In Spain’s Palestine vote, the fine print makes all the difference

The motion stipulates that Spain’s recognition of a Palestinian state must be the result of talks, a policy no different than Israel’s

The Congress of Deputies of Spain in session. (public domain, Wikimedia Commons)
The Congress of Deputies of Spain in session. (public domain, Wikimedia Commons)

JTA — You wouldn’t necessarily know it by scanning Spanish news sites, but Israel just scored a major diplomatic victory in the Spanish congressional vote on whether to recognize Palestinian statehood.

Most Spanish websites reported in their headlines that the Congress of Deputies, Spain’s lower house, unanimously passed a nonbinding motion that called on its government to “recognize Palestine as a state” following similar votes in Britain and Ireland.

But Israel’s victory is in the fine print. It sets the Spanish vote apart from the previous ones by stipulating that Spain’s recognition of a Palestinian state must be the result of talks between Israel and the Palestinians.
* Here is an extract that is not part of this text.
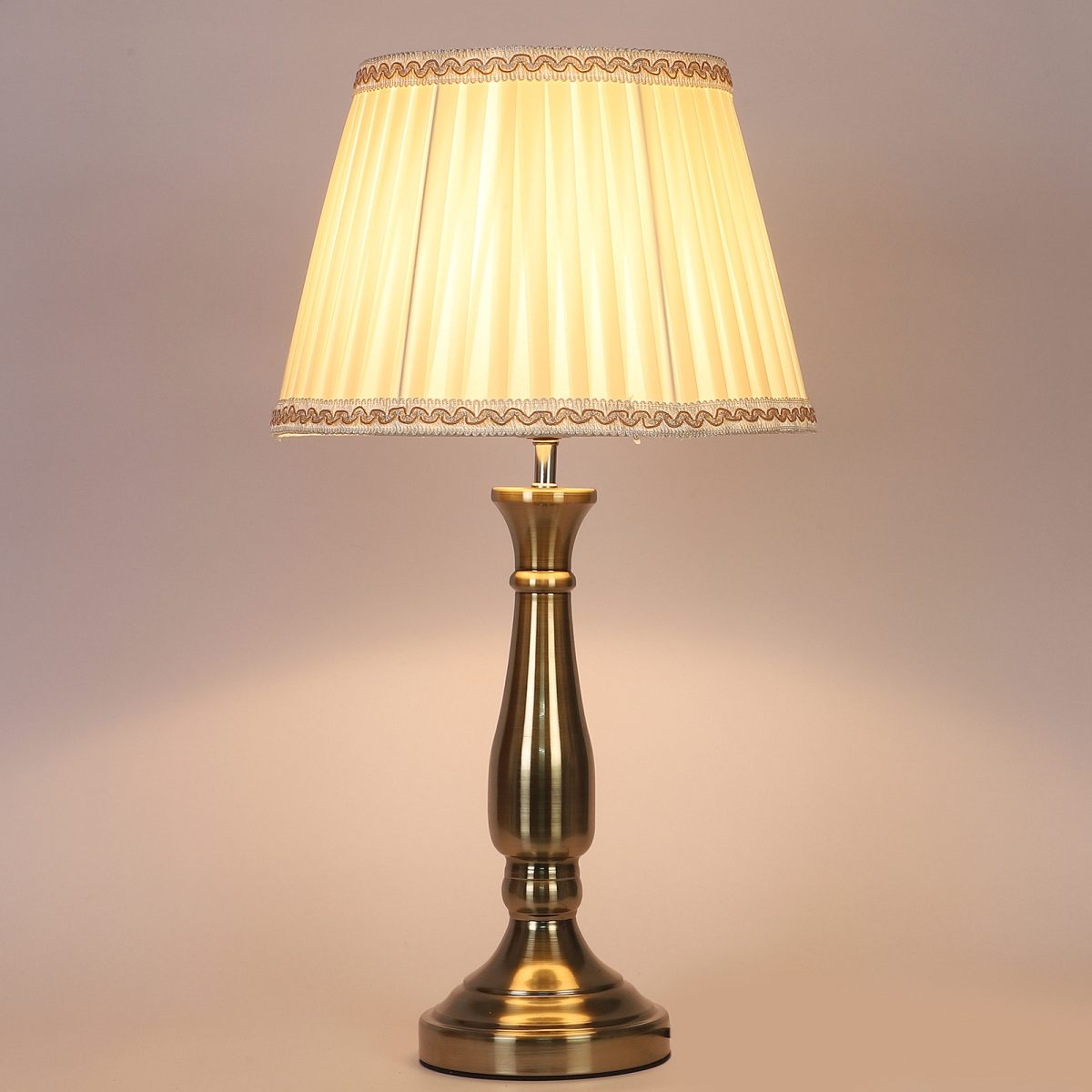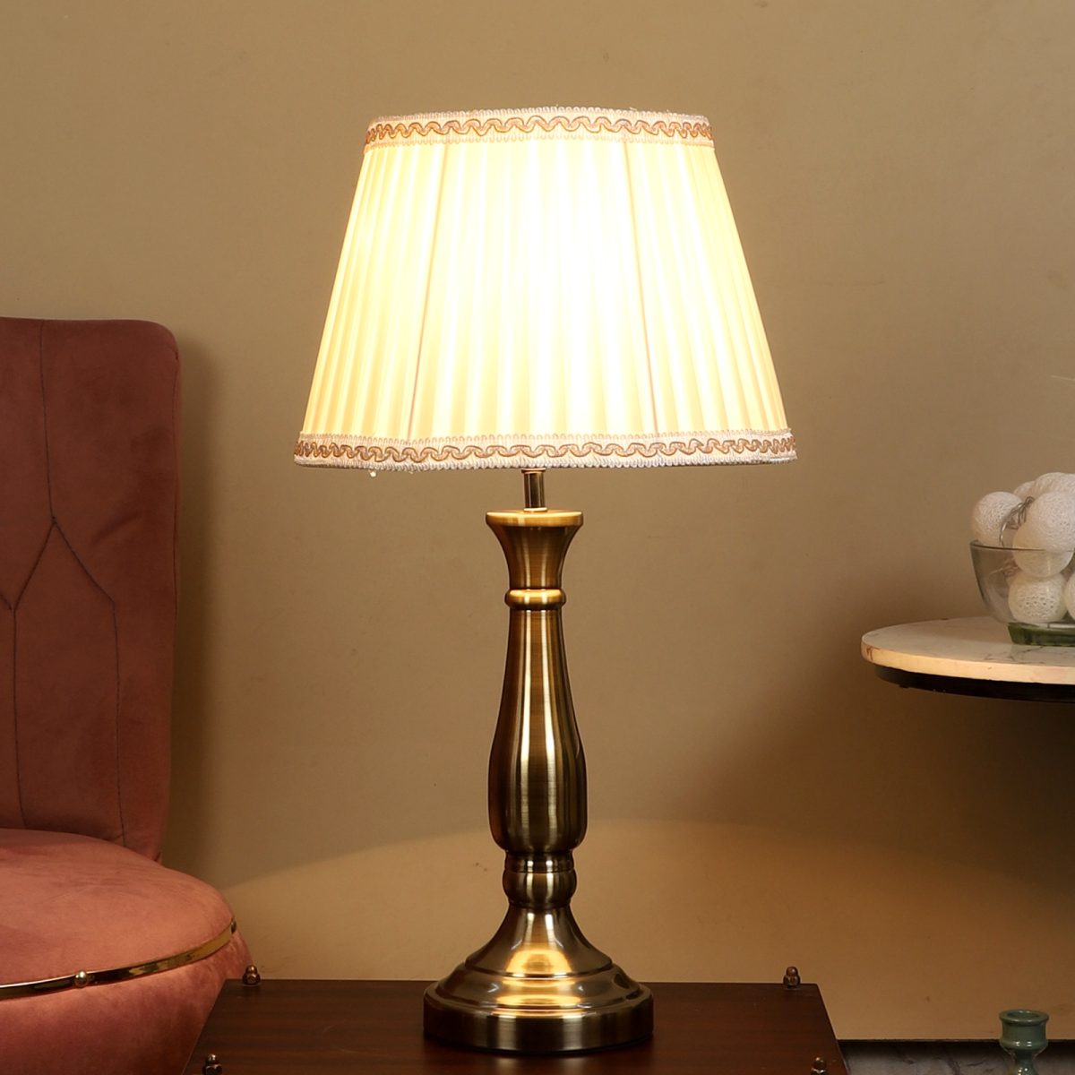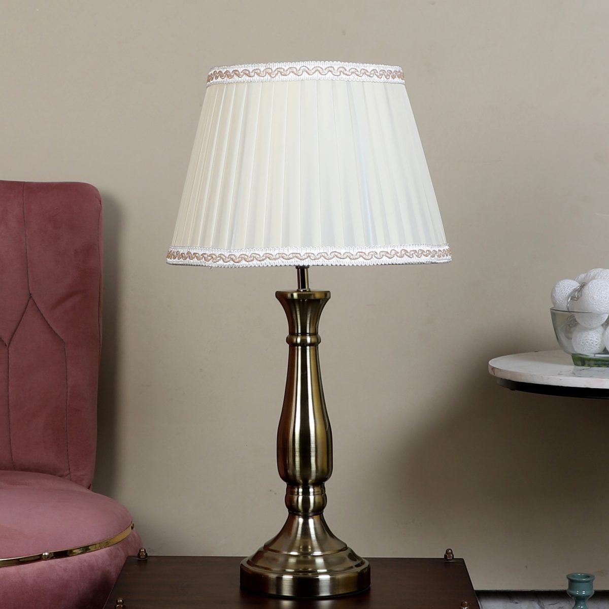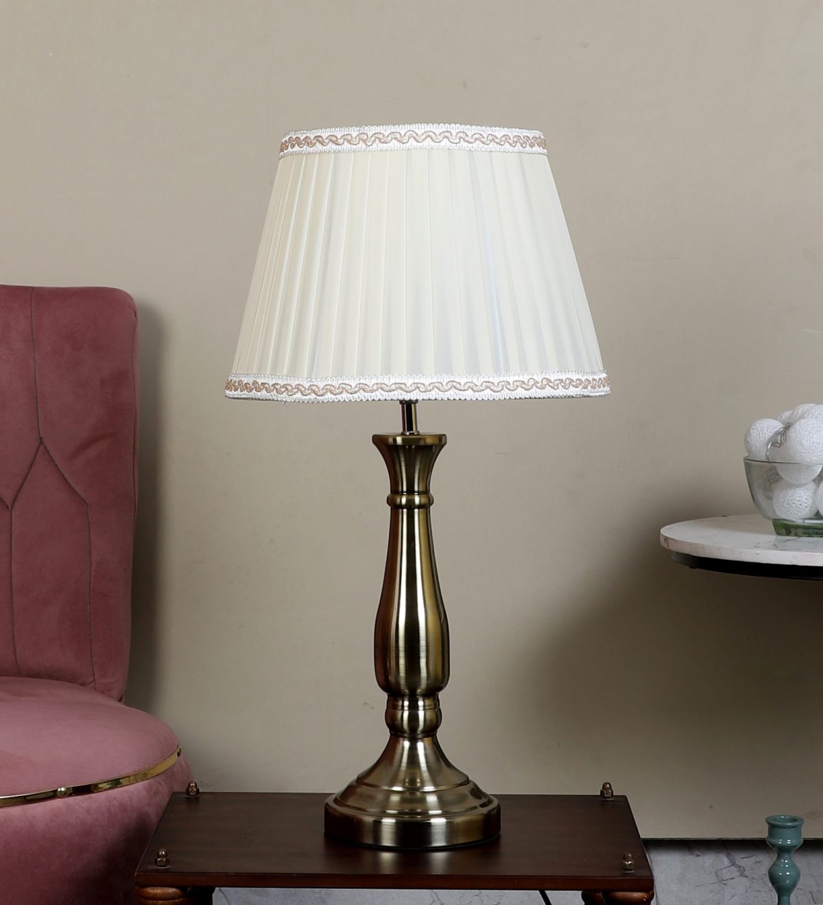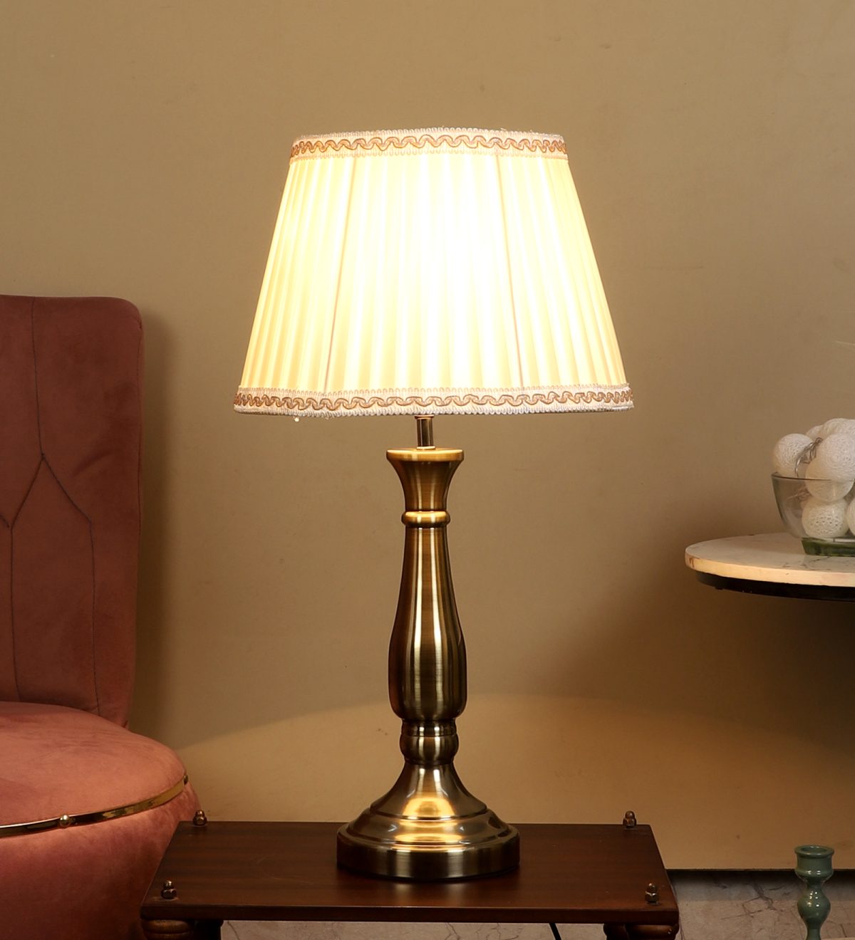 LEARC antique brass finish table lamp with light gold shade having golden border TL5014-D

And in that, the Spanish congressional motion that passed Tuesday evening is not so different from Israel’s stated policy, which also says that a Palestinian state should come out of talks.

The stipulation seems to emerged from negotiations between the ruling Popular Party, which insisted on it, and the opposition Socialist Workers’ Party, whose original draft motion on recognizing a Palestinian state made no mention of such a condition. Another poignant change to the original draft was the dropping of the word “contiguous” from a line that describes the future Palestinian state as “a sovereign, democratic and independent state.”

Behind the scenes, ACOM, a small lobbying group that supports Israel and is run from Madrid by Jews and non-Jews, was working around the clock to convince the Popular Party to insist on the changes to the original motion.

“We were sweating blood to get this done, and I still can’t believe we pulled off this achievement,” said Daniel Fernandez of ACOM, who had 20 meetings this past month with lawmakers and politicians over the issue. One of the points ACOM tried to make was that Spanish recognition for Palestine would complicate the country’s position on the Basque and Catalan questions. But “ultimately, the Spanish ruling party decided it doesn’t need the headache,” he said.

Long before of the vote, ACOM under its president Angel Mas was named the recipient of the Jewish Community of Madrid’s Hanukkah award this year.

“I think the fact that we have non-Jews working at ACOM is relevant to our work,” said Fernandez, who is not Jewish. “This is because we are regarded as having more legitimacy, as not serving an interest. But that’s wrong. Our interest is democracy. And that’s Israel.”

However, scanning the Spanish news sites, Fernandez is holding off on the champagne.

“I want to see how the morning newspapers report about it,” he said. “In the end, that will be more important to how it is perceived than the actual text.”